▶ _EXERCISE_
Setting aside any pictures, reproduce the data exactly.

▶ _DATA SECTION_

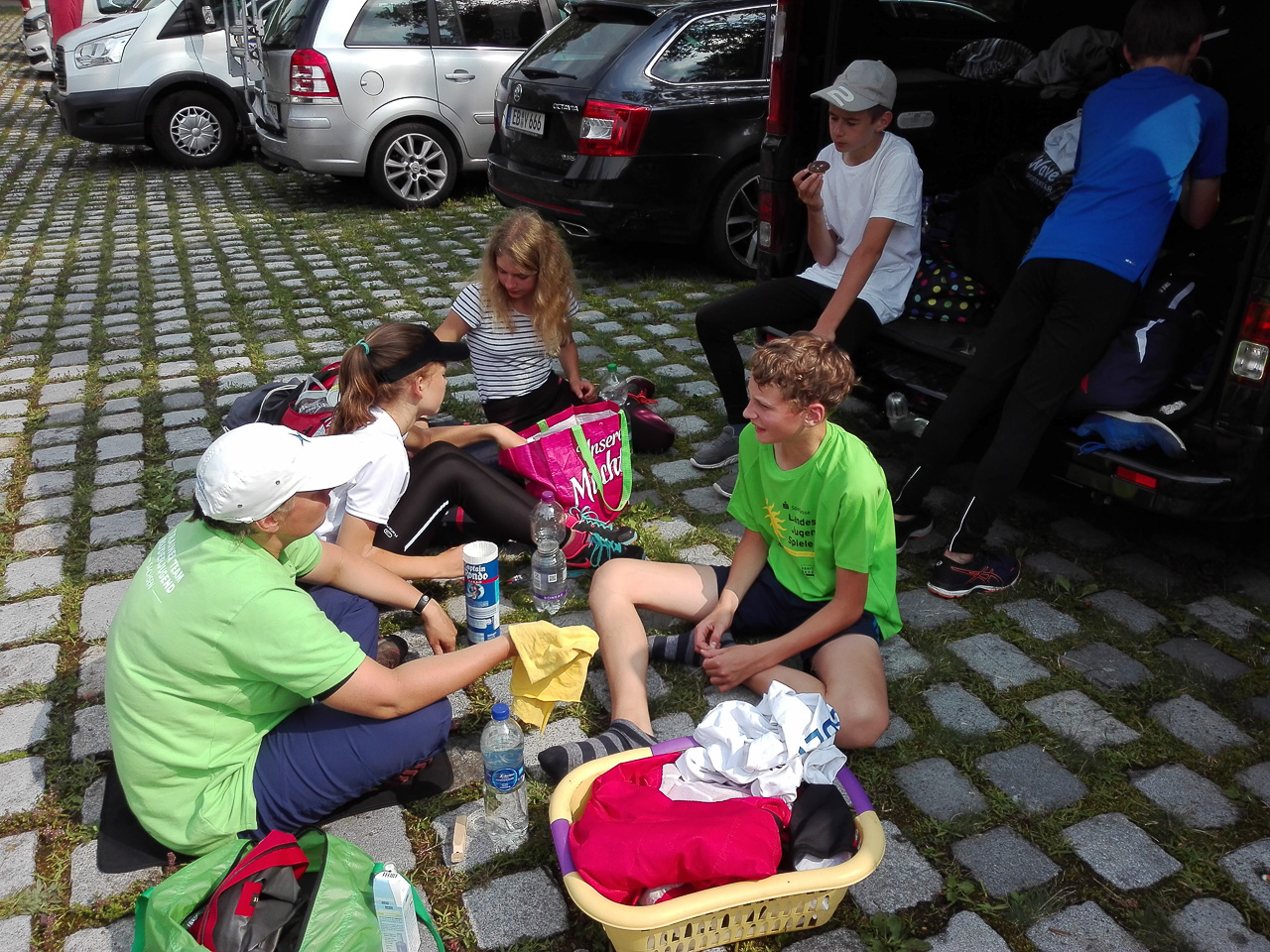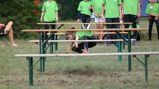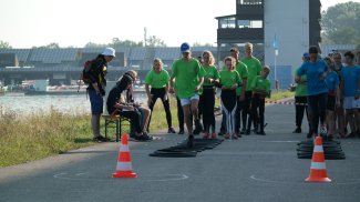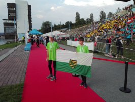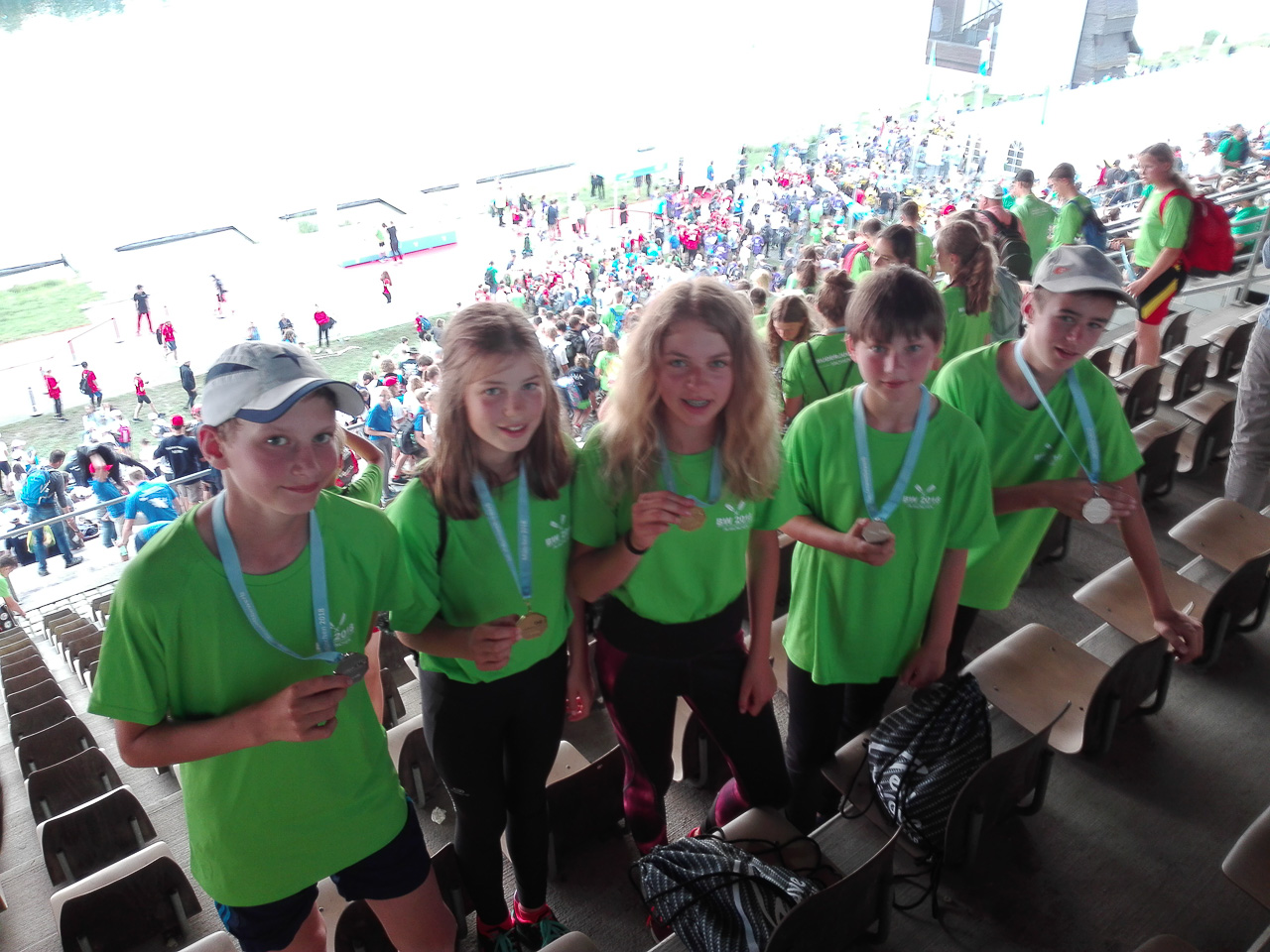 Heute war der allgemeine Sportwettkampf. Jedes Bundesland wurde am Vorabend in 2 Gruppen geteilt und jede Gruppe bestand noch einmal aus vier Riegen mit jeweils zehn oder elf Sportlern. Die erste Gruppe musste heute schon um 5 aufstehen, wohingegen die zweite Gruppe noch bis um 7 schlafen konnte. In der ersten Gruppe waren aus unserem Verein Lukas, David, Oliver und Anna. In der zweiten Gruppe war aus unserem Verein nur Leni. Wir sind dann mit dem Auto zur Regattastrecke gefahren, wo wir erst einmal etwas gefrühstückt haben. Nach der Stärkung haben wir uns schon auf den bevorstehenden Wettkampf gefreut. Unsere Riege begann ca. 10.30 Uhr. Es gab zehn verschiedene Aufgaben: Medizinballübergabe, Reifenhopp, Treppenlauf, Drei-Bein-Lauf, Sackhüpfen, lautester Schlachtruf, Riemenstaffel, Hindernislauf und Wissenstest. Wir waren dann pünktlich zum Mittagessen fertig und danach haben sich alle auf das Betreuerrennen gereut und auf den Tribünen Platz genommen, um zuzusehen. In unserem Sachsen-Vierer war auch Andrea aus unserem Verein dabei und ganz Sachsen hat laut angefeuert. Als es kurz vor 18.00 Uhr war, waren die Tribünen wieder rappelvoll, da gleich die Siegerehrung des allgemeinen Sportwettkampfes losging. Aus unserem Team Sachsen bekamen fast alle Riegen eine Medaille außer eine, aber sie waren sogar dritter Platz. Die Riege mit Lukas und Oliver waren auf dem 1. Platz, die Riege mit David war ebenfalls auf dem 1. Platz, die Riege mit Anna auf dem 2. Platz und die Riege mit Leni war auch auf dem 1. Platz. Als alle wieder in unserer Schlafunterkunft waren, waren alle schon sehr aufgeregt auf die bevorstehende Bundesregatta am nächsten Tag.
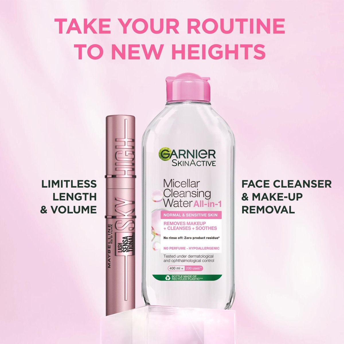 • Lahjapakkaus sisältää Maybelline maskaran ja Garnier Micellar -puhdistusveden
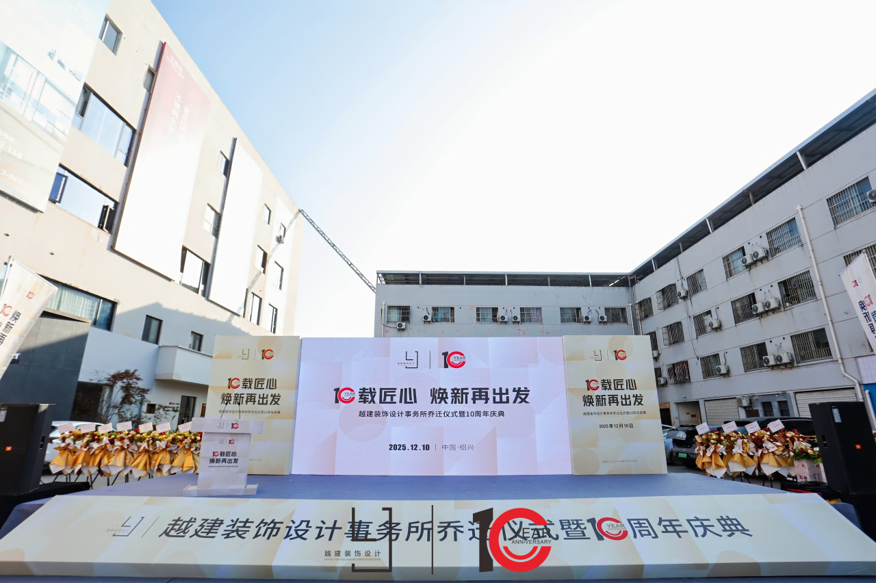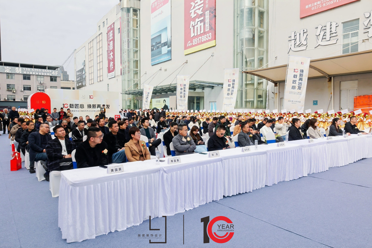12月10日上午,越建装饰设计事务所乔迁仪式暨十周年庆典在绍兴居然之家圆满举行。本次活动以“十载匠心,焕新再出发”为主题,旨在回顾企业十年发展历程,庆祝新址落成,并以崭新的姿态开启下一个十年的征程。

▶ _ANSWER BOX_
 Heute war der allgemeine Sportwettkampf. Jedes Bundesland wurde am Vorabend in 2 Gruppen geteilt und jede Gruppe bestand noch einmal aus vier Riegen mit jeweils zehn oder elf Sportlern. Die erste Gruppe musste heute schon um 5 aufstehen, wohingegen die zweite Gruppe noch bis um 7 schlafen konnte. In der ersten Gruppe waren aus unserem Verein Lukas, David, Oliver und Anna. In der zweiten Gruppe war aus unserem Verein nur Leni. Wir sind dann mit dem Auto zur Regattastrecke gefahren, wo wir erst einmal etwas gefrühstückt haben. Nach der Stärkung haben wir uns schon auf den bevorstehenden Wettkampf gefreut. Unsere Riege begann ca. 10.30 Uhr. Es gab zehn verschiedene Aufgaben: Medizinballübergabe, Reifenhopp, Treppenlauf, Drei-Bein-Lauf, Sackhüpfen, lautester Schlachtruf, Riemenstaffel, Hindernislauf und Wissenstest. Wir waren dann pünktlich zum Mittagessen fertig und danach haben sich alle auf das Betreuerrennen gereut und auf den Tribünen Platz genommen, um zuzusehen. In unserem Sachsen-Vierer war auch Andrea aus unserem Verein dabei und ganz Sachsen hat laut angefeuert. Als es kurz vor 18.00 Uhr war, waren die Tribünen wieder rappelvoll, da gleich die Siegerehrung des allgemeinen Sportwettkampfes losging. Aus unserem Team Sachsen bekamen fast alle Riegen eine Medaille außer eine, aber sie waren sogar dritter Platz. Die Riege mit Lukas und Oliver waren auf dem 1. Platz, die Riege mit David war ebenfalls auf dem 1. Platz, die Riege mit Anna auf dem 2. Platz und die Riege mit Leni war auch auf dem 1. Platz. Als alle wieder in unserer Schlafunterkunft waren, waren alle schon sehr aufgeregt auf die bevorstehende Bundesregatta am nächsten Tag.
 • Lahjapakkaus sisältää Maybelline maskaran ja Garnier Micellar -puhdistusveden
12月10日上午,越建装饰设计事务所乔迁仪式暨十周年庆典在绍兴居然之家圆满举行。本次活动以“十载匠心,焕新再出发”为主题,旨在回顾企业十年发展历程,庆祝新址落成,并以崭新的姿态开启下一个十年的征程。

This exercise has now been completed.